Years of work have gone into getting that daring young box ready for the data center floor. We’ve gone through numerous conversations on architecture and planning, several design iterations, and untold cycles of stringent stress testing. Throughout this training, we make improvements and adjustments to ensure our young hero is ready for any threat it might face. Our customers can rest assured knowing that every FlashArray or FlashBlade is as well-prepared as possible for its responsibilities in the data center. But once our protagonist is out in the world, we also have an extra trick up our sleeves. It’s kind of a fairy godmother-esque power to make sure that no box is completely alone on its adventures.
That trick? Data analytics.
We talk so much about data here at Pure Storage that we’d be remiss if we didn’t use it ourselves. Every 30 seconds, FlashArray and FlashBlade devices in the field phone home information about performance metrics, age, health, and errors. The data includes anything that indicates how well the devices are doing their jobs and how close they could be to any kind of failure. Additional logs from these customer systems come back to us every hour. Dashboards consume all of this logged data to capture larger trends, flag outliers or errors, and provide insight into how products age and change over time.
By flagging outliers, we can remotely check for, and sometimes even anticipate, failures in customer systems. It enables us to act on them as soon as possible. An array may physically be on a data center floor, but we’re still actively monitoring it back here at Pure. Just last month, one of our dashboards caught a component with a potential quality issue. We notified the customer before they even noticed something was amiss. Some heroes must tiptoe blindly through a cave to avoid waking the sleeping dragon. Our hero can stride confidently. If danger is lurking nearby, we’ll be the first to send a warning and pull it away.

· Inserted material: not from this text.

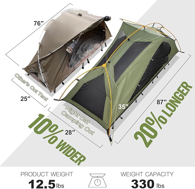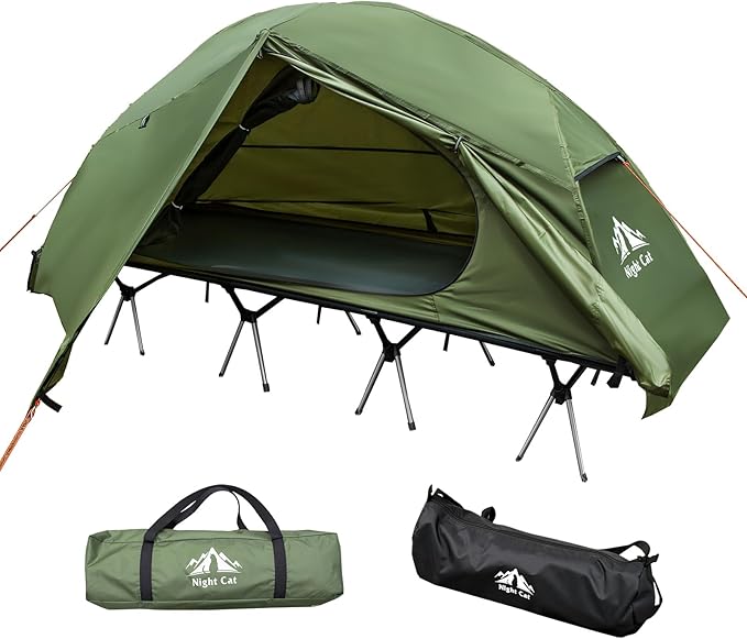 Night Cat Camping Cot Tent for 1 Person Off Ground Elevated Tent Cot Foldable Camping Sleeping Bed with Rainfly Waterproof Green
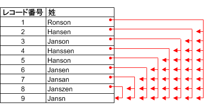 あいまい重複操作では、検査フィールドを下方(後方)へ順に移動するので、グループ所有者は、フィールド内でそのグループ所有者の下(後続)に現れるあいまい重複のみと関連付けられます。グループ所有者の前に現れるあいまい重複とは関連付けられません。 グループ所有者は、既にその上で現れる 1 つ以上のグループのメンバーである可能性があります。ただし、その逆はありません。上方(前方)にあるグループの所有者は、後続グループのメンバーにはなりません。値がグループの所有者になった場合、その値はそれ以降のグループに現れることはありません。 上記の例では、グループ 6 の所有者である "Jansen" は、前の 2 つのグループのメンバーです。しかし、それら 2 つののグループの所有者("Hansen" と "Janson")は、"Jansen" のあいまい重複であるにもかかわらず、グループ 6 のメンバーではありません。 |

We also use this data to improve our future designs and internal processes. While we’re following seasoned veterans in the field, we’re also training the next generation of young protagonists. Our dashboards provide invaluable information for refining projects still in development. For example, monitoring the performance of each system component helps us identify the specific parts that are limiting the full assembly. We can add resources in these critical areas and address all the main bottlenecks.
Dashboard data also helps us as we identify root cause issues. It lets us better differentiate bugs that come from materials—like components or NAND—from bugs rooted in code. We can also differentiate between random failures that can happen at any time and wearout ones that happen normally at a product’s end of life. Once we understand these problems, we can make more informed decisions for how to respond—for example, using a specific code patch instead of replacement hardware. And in the spirit of constant improvement, we can also integrate smarter sensing into our software and internal quality process to better catch similar issues in the future.

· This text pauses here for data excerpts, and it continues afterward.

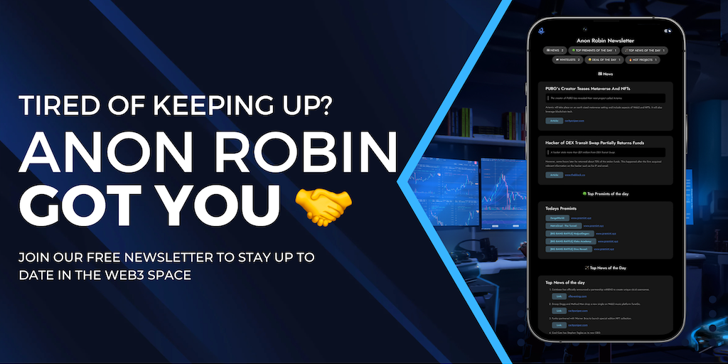 Can't keep up with what's happening in the NFT Space? Anon Robin sends you the most important News, Projects, and Deals straight into your Inbox.
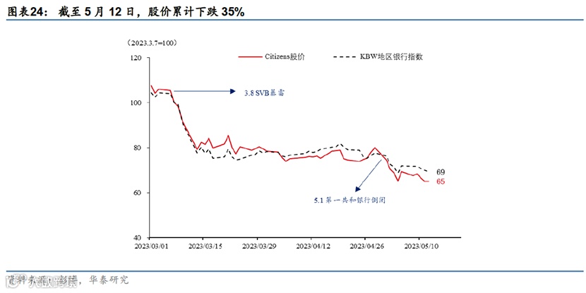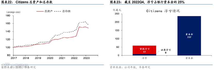 3月8日至5月12日,股价累计下跌35%,与地区银行指数的跌幅接近。2022Q4 Citizens未保险存款占比为40%,2023Q1存款相对2022Q4下降5%。根据公司公告,4月份存款还有小幅增加。截至2022年12月底,Citizens贷款和证券投资的浮亏占银行资本金的25%。
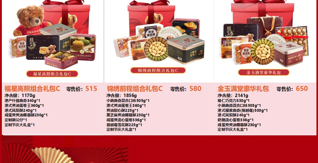 香港小熊,主打健康,美味,用心,产品覆盖了小熊曲奇,蛋卷王,凤梨酥,脆片,雪花酥,牛轧糖等40-50款。产品大多选用进口黄油,可可,抹茶粉等优质原材料,打造0添加健康食品,口感细腻浓郁,层次丰富回味无穷。包装方面,涵盖了铁盒,精致透明盒,节庆特色礼盒等多系列。
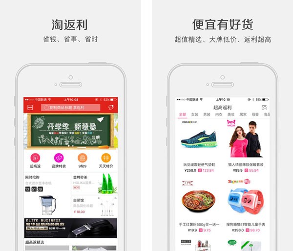 淘返利app淘宝第三方购物平台,精选每日淘宝最优惠的商品,商品由淘宝卖家提供让买家享受超优惠,优质的购物体验,一元秒杀,九块九包邮更能让用户开心抢购!

Maybe one of the best examples of our data at work came up recently with our new QLC drive in FlashArray//C. When a customer’s array phoned home unusual behavior, we used our dashboards to confirm the abnormality and guess a possible cause before we got to work on a fix. Additional dashboards monitoring our internal systems helped us evaluate our initial hypothesis—that there was a dependence on temperature—while we performed controlled testing. After analyzing our test data, we found that temperature didn’t play as much of a part as we suspected, but we did see that a firmware change effectively and consistently improved the issue when we reproduced it in our own testbeds. Once we shipped the new code, the dashboards helped confirm that we’d resolved the issue—and that no other customers with this new firmware had seen it either. Another successful intervention from the fairy godmother—complete.
In my time at Pure so far, I’ve had the chance to prepare and watch over more than a few young heroes that are now out in the field. At times, I’ve felt as though I’m on my own adventure, just like those very systems I build. My dangers revolve around difficult design decisions, stubborn hardware bugs, and other such obstacles. And also like our boxes out in the field, I’m far from alone. I work on a team of seasoned designers who have seen many products off on their quests, and new engineers whose journeys have just begun. As we’ve all trained and improved new products, we’ve also helped and mentored each other. Just like our heroic little arrays, we’re ready to take on any challenge that we might encounter.
So, before our customers close their books? They can breathe a satisfied sigh, knowing that we’re all back here, working together, so that every data center can have its happily ever after.